Table 2. Voice-sensitive peak voxels of female and male group analysis (MVPA).

Female vs. Male Contrasts

The contrast of activation maps (univariate analysis) or classification accuracy maps (multivariate approach) from males and females revealed no significant voxels with greater parameter estimates for males > females at the chosen statistical significance threshold (p < 0.05, FWE-corrected) for either analysis methods. The reverse contrast (female > male), however, revealed significant voxel clusters showing greater parameter estimates for univariate analysis and higher classification accuracy for MVPA in female participants (Figure 2).

FIGURE 2

Figure 2. Contrast between female > male (red). (A) Univariate analysis showing significant female > male difference (two-sample t-test, FWE-corrected, p < 0.05) in the left posterior part of the superior temporal gyrus (STG) and the right anterior STG. Contrast estimates at peak voxel showing stronger activation in females (black) as compared to males (gray) in response to vocal vs. non-vocal sounds. (B) MVPA showing significant classification accuracy above chance level in the right middle part of the middle temporal gyrus (MTG) and the right middle STG as well as in the left middle MTG with higher average classification accuracy in females (black) than in males (gray) (maximum intensity projection of t-statistic image threshold at FWE-corrected p < 0.05, as determined by permutation distribution with 10,000 permutations).
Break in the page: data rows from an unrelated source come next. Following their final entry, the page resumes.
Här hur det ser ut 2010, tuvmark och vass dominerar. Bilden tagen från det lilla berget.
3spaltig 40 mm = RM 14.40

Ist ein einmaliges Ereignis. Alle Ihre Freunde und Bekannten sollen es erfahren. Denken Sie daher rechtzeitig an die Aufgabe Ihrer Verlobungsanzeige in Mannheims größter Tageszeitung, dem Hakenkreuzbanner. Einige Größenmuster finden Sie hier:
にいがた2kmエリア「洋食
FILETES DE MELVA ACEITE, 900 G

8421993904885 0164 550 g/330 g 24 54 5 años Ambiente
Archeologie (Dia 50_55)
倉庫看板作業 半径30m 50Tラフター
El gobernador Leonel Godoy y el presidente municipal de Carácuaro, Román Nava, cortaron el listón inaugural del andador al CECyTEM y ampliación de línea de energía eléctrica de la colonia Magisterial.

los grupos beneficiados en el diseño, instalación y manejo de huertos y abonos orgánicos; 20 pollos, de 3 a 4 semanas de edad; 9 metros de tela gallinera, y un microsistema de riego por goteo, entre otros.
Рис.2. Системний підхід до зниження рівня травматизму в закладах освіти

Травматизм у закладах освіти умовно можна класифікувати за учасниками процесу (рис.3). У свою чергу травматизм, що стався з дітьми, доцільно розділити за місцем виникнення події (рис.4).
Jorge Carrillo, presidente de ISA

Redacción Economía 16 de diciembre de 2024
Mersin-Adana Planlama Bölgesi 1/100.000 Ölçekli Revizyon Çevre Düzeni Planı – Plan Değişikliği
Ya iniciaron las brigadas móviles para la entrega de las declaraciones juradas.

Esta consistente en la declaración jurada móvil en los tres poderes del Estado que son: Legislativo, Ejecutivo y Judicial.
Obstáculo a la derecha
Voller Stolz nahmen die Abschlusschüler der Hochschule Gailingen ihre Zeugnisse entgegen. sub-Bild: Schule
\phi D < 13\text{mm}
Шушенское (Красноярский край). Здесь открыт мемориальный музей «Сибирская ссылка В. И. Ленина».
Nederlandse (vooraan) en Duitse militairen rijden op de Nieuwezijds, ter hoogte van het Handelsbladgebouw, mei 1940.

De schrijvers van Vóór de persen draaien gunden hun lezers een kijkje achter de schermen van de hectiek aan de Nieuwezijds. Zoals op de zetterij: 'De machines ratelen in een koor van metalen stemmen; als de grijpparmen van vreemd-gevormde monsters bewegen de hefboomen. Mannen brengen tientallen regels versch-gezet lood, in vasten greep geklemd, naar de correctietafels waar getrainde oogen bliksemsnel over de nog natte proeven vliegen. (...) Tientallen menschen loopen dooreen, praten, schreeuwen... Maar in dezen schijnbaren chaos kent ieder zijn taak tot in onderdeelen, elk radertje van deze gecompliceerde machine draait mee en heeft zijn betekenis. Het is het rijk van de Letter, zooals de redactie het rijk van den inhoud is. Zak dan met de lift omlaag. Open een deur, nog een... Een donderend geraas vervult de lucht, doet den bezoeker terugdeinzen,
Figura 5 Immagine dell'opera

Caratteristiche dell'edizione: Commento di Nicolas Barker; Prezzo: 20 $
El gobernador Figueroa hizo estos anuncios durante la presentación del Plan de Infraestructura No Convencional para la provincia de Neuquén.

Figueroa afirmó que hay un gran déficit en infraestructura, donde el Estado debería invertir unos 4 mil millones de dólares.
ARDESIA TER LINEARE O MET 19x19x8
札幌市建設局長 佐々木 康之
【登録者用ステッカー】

The (yellow) cluster shows the mask including voxels with significantly above chance classification accuracy in both females and males (p < 0.01 uncorrected).

When analyzed with the univariate approach (Figure 2A) the contrast female > male yielded only a few significant voxels: One cluster consisted of four voxels in the left posterior part of STG and only one voxels in the right Insula (Figure 2A, Table 3). The corresponding contrast estimates for the reported peak voxels (MNI coordinates left: x = −48, y = −34, z = 16, cluster size 4, T-value = 4.02; right: x = 48, y = 2, z = −5, cluster size = 1, T-value = 4.04) showed a positive response for females in both hemispheres and for the left hemisphere in males. The Cohen's d effect size values (d = 0.48 and 0.49) suggested a moderate difference at the peak voxel (Table 3). Overall, females showed a stronger activation in response to vocal vs. non-vocal sounds as compared to males at both maxima (Figure 2A).

TABLE 3

Table 3. Peak voxels of female > male contrast for univariate analysis and MVPA.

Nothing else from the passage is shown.